Carter Tries, Fails to Prove Republican Tax Policy Racist

Carter Tries, Fails to Prove Republican Tax Policy Racist

James Carter IV, grandson of former President Jimmy Carter and the man who brought Mitt Romney’s “47 percent” comment to light, has obtained a recording that he claims is proof that Republican objections to tax cuts are a secret appeal to racism. 

The tape is a 1981 interview of Republican strategist Lee Atwater that leftists have cited for years but which no one had heard. Ironically, the full tape seems to exonerate him–and the GOP.

Carter’s discovery was reported this week by The Nation. The key passage upon which he and author Rick Perlstein focus is one in which Atwater describes the slow evolution of racist rhetoric in the South from the 1950s to the 1980s: 

You start out in 1954 by saying, “Nigger, nigger, nigger.” By 1968 you can’t say “nigger”–that hurts you, backfires. So you say stuff like, uh, forced busing, states’ rights, and all that stuff, and you’re getting so abstract. Now, you’re talking about cutting taxes, and all these things you’re talking about are totally economic things and a byproduct of them is, blacks get hurt worse than whites…. “We want to cut this,” is much more abstract than even the busing thing, uh, and a hell of a lot more abstract than “Nigger, nigger.”

The implication is that the goal of Republicans’ so-called “Southern strategy” was to use code words for racism without triggering public outrage. Carter’s apparent intent is to cast today’s Republican opposition to tax hikes as a form of racism–a timely charge in today’s negotiations over the “fiscal cliff,” as Republicans on Capitol Hill oppose President Barack Obama’s proposal to raise tax rates for the wealthiest Americans. 

The only problem is that the full context of Atwater’s remarks reveals that he was not talking about a strategy that Republicans had actually used. He was largely describing the strategies historically used by Democrats–who were (as The Nation, naturally, fails to point out) the advocates of segregation in the South. And he was also describing how the decline of racism in the South made it possible for Republicans like Reagan to win.

What Atwater was specifically asked–as the full tape reveals, which is embedded but not cited in detail in the story–was to explain why Ronald Reagan had won voters in 1980 who backed (Democrat) segregationist George Wallace in 1968. He was not describing an actual attempt by Reagan to use code words to connect with racists, but speculating as to why some racially neutral terms may have resonated with racist Democrats.

Atwater’s broader point–again, in the full tape, but not referred to in the article–was not that Republican strategy had changed, but that the South had changed, becoming less racist over time, meaning that someone who opposed segregation–as Reagan had, though he opposed the Civil Rights Act on states’ rights grounds–would not face the same obstacles as he might have before.
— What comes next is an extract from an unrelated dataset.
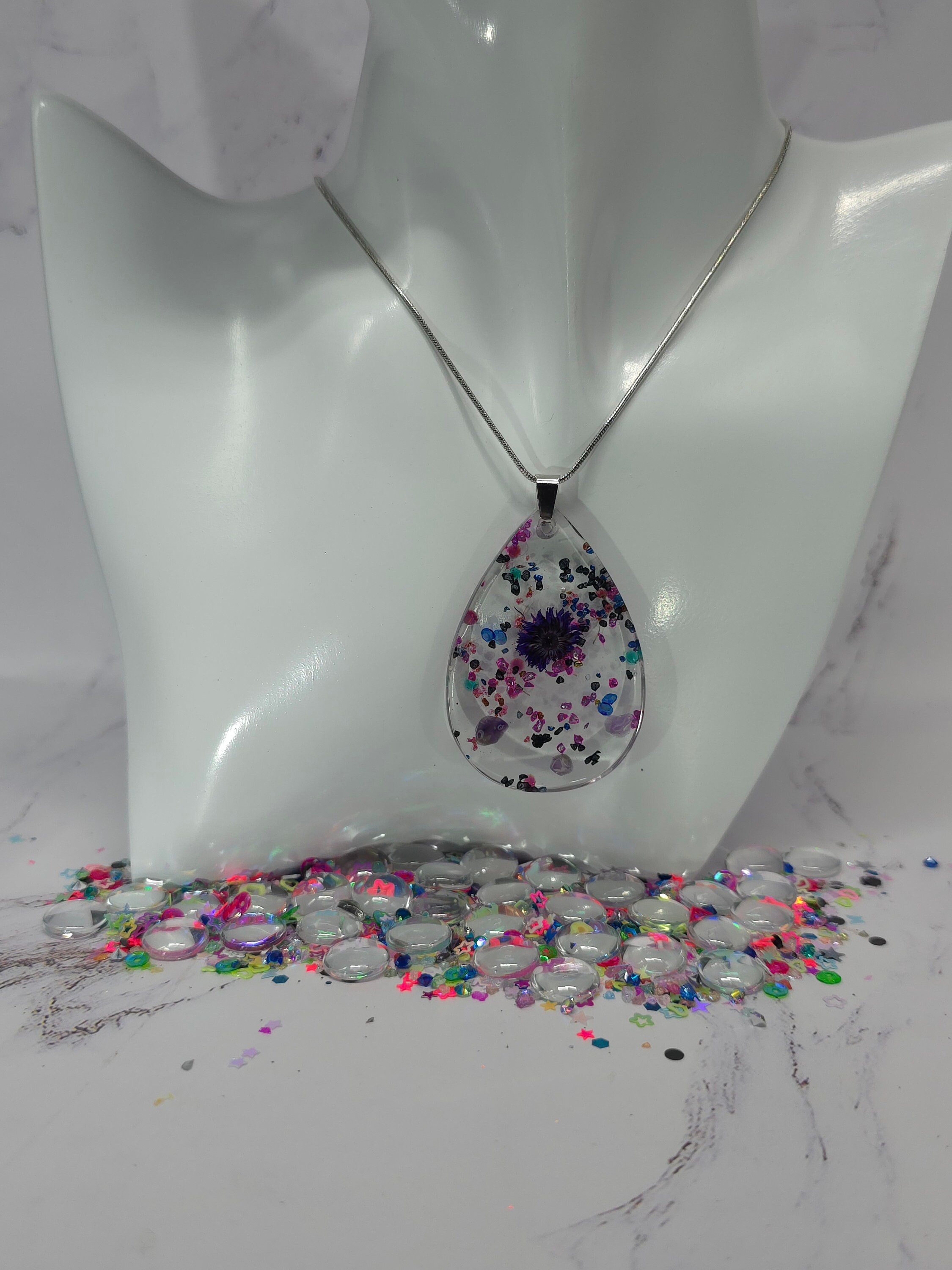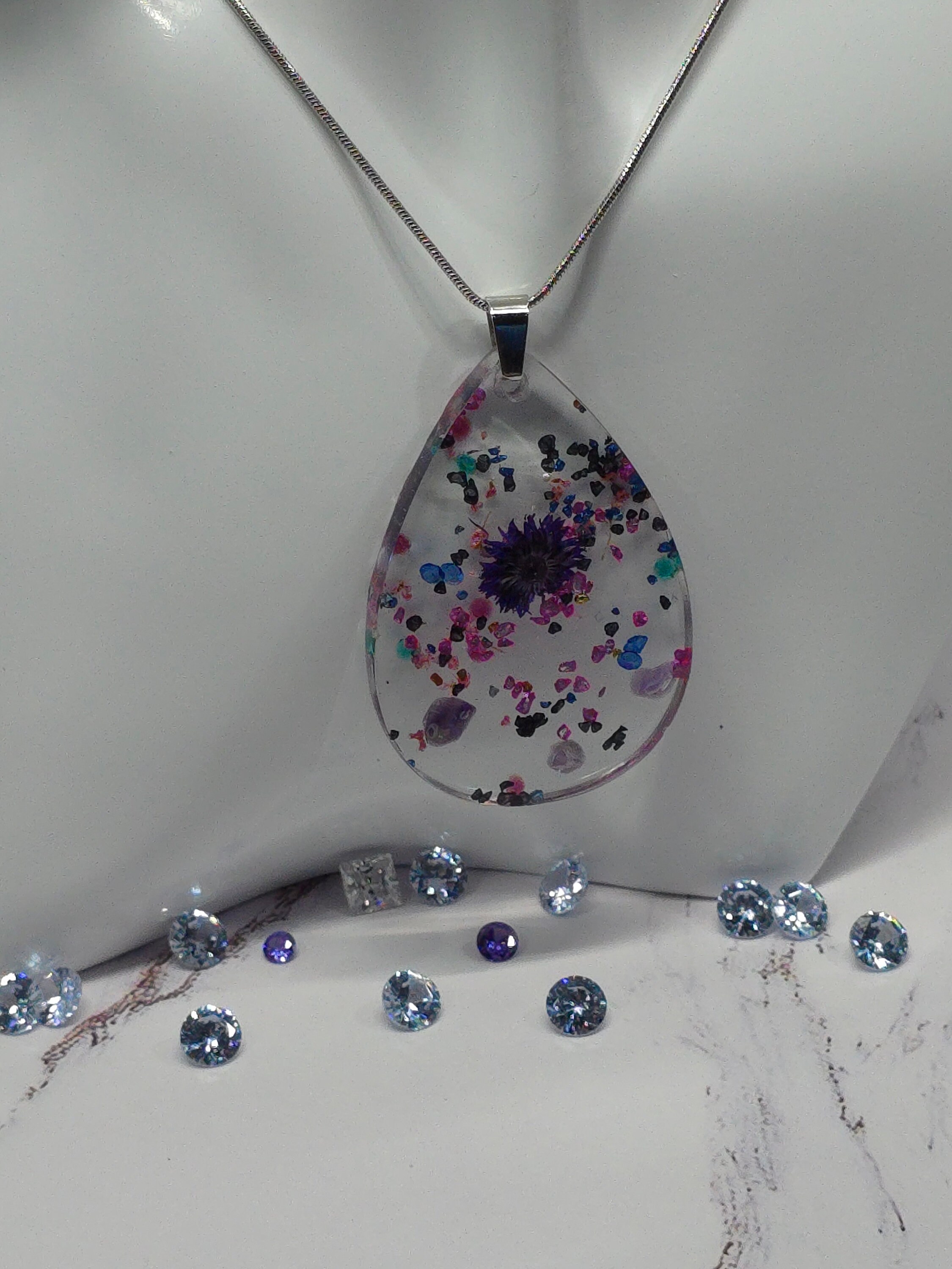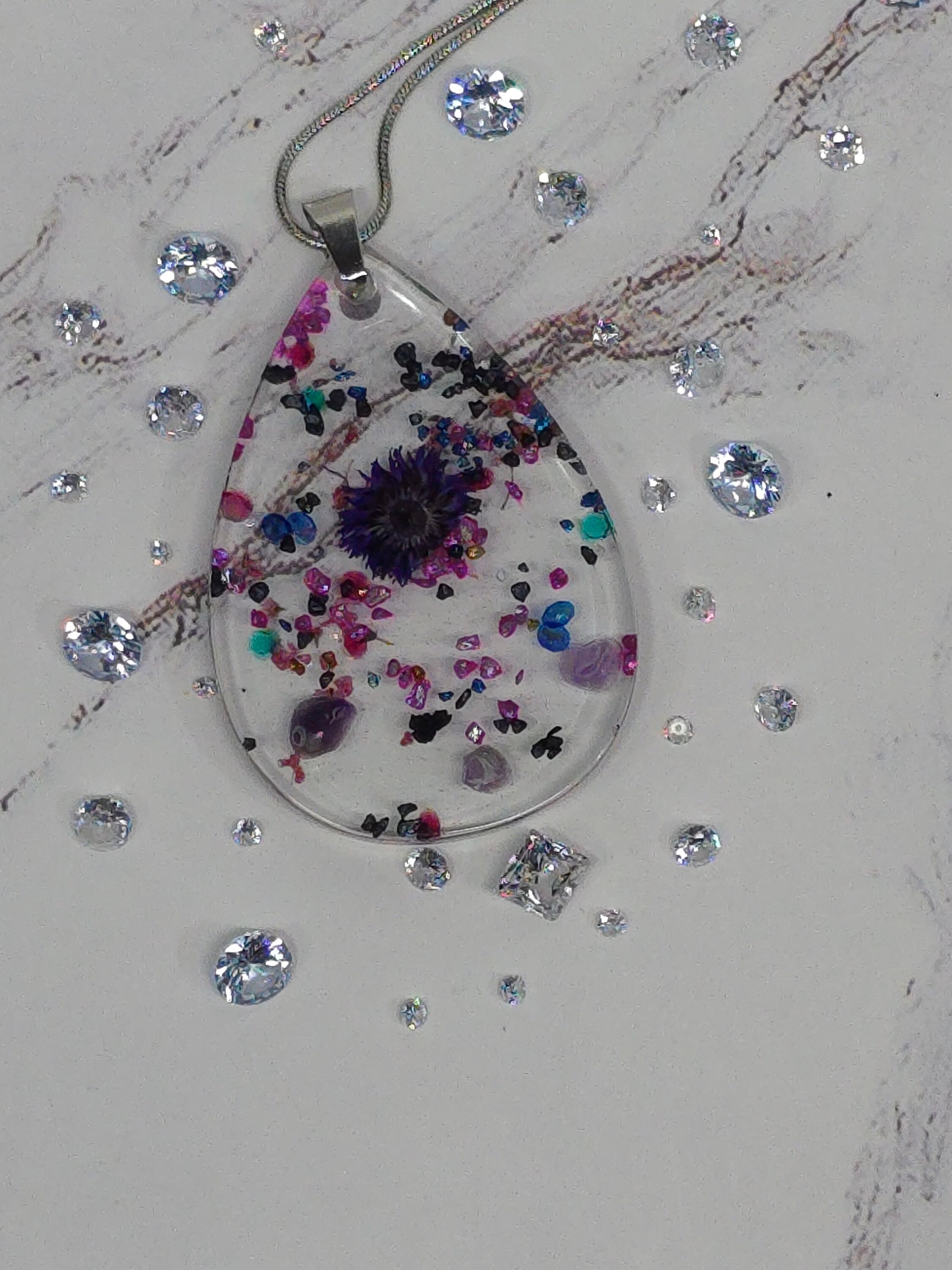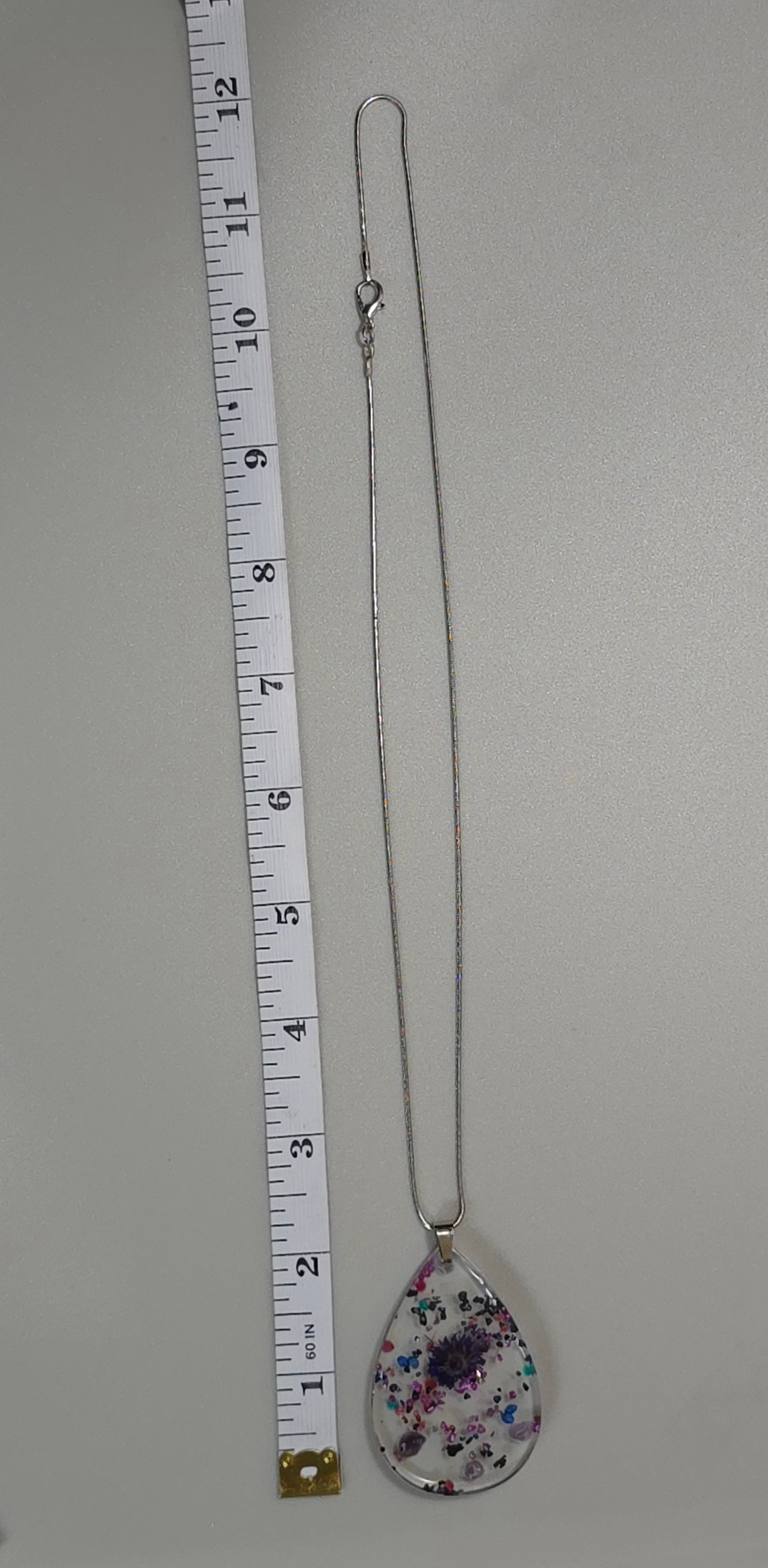 Show stopper piece! Made with a stainless steel snake chain necklace and lobster clasp. The teardrop pendant is made with clear epxoy resin. A beautiful real purple flower perfectly placed in the bottom center of pendant, and surrounded by purple, blue, and pink colored gems, stones and flakes. This necklace is 51cm long, with a drop length of 31cm (including teardrop pendants). Resin teardrop pendant is 5.5cm long by 3.5cm wide (at widest point of pendant).

Here is a segment of the interview immediately preceding the clip selectively chosen by Carter and The Nation:

A: It [the South] wasn’t ours to win, it was Carter’s to lose. All Carter had to do is run in place. But he didn’t do that…what he did was default…Not on anything to do with racism, or the race question, but on economics and on national defense…The fact of the matter is, the South is Reagan’s to lose now. And as long as–if Reagan goes and denounces his own economic policy, or doesn’t balance the budget, or, you know–he could lose the South. But if not, he’s going to win the South. 

Q: But he’s not going to lose the South if he goes along with what the blacks want and the voters want.

A: That’s–I mean, that should be a thrust of this. In 1968, the whole Southern strategy that [unintelligible] put together the Voting Rights Act [of 1965] would have been a central part of keeping the South. Now they don’t have to do that. All you have to do to keep the South is for Reagan to run in place on the issues he’s campaigned on since 1964, and that’s fiscal conservative, balancing the budget, cutting taxes…

Reagan did not have a “racist” Southern strategy. He simply stuck to his policies on the economy and on national defense, and the South swung behind him–yes, including some of the racists who had voted for George Wallace, but also millions more voters who simply agreed with him on the issues.

Democrats have never had to reckon with the recent racism of their political past. It is worth noting that Carter’s grandfather, Jimmy Carter began his political career supporting racial segregation in the South. He even launched his re-election campaign at Tuscumbia, AL, site of the national headquarters of the Ku Klux Klan, as Ann Coulter reminds us in her new book Mugged: Racial Demagoguery from the Seventies to Obama

Tax cuts stand or fall on their own as policy. Fighting tax hikes is not code for racism. And the bumbling Democrats who hurl false charges at Republicans should reckon with their own party’s dismal, racist history.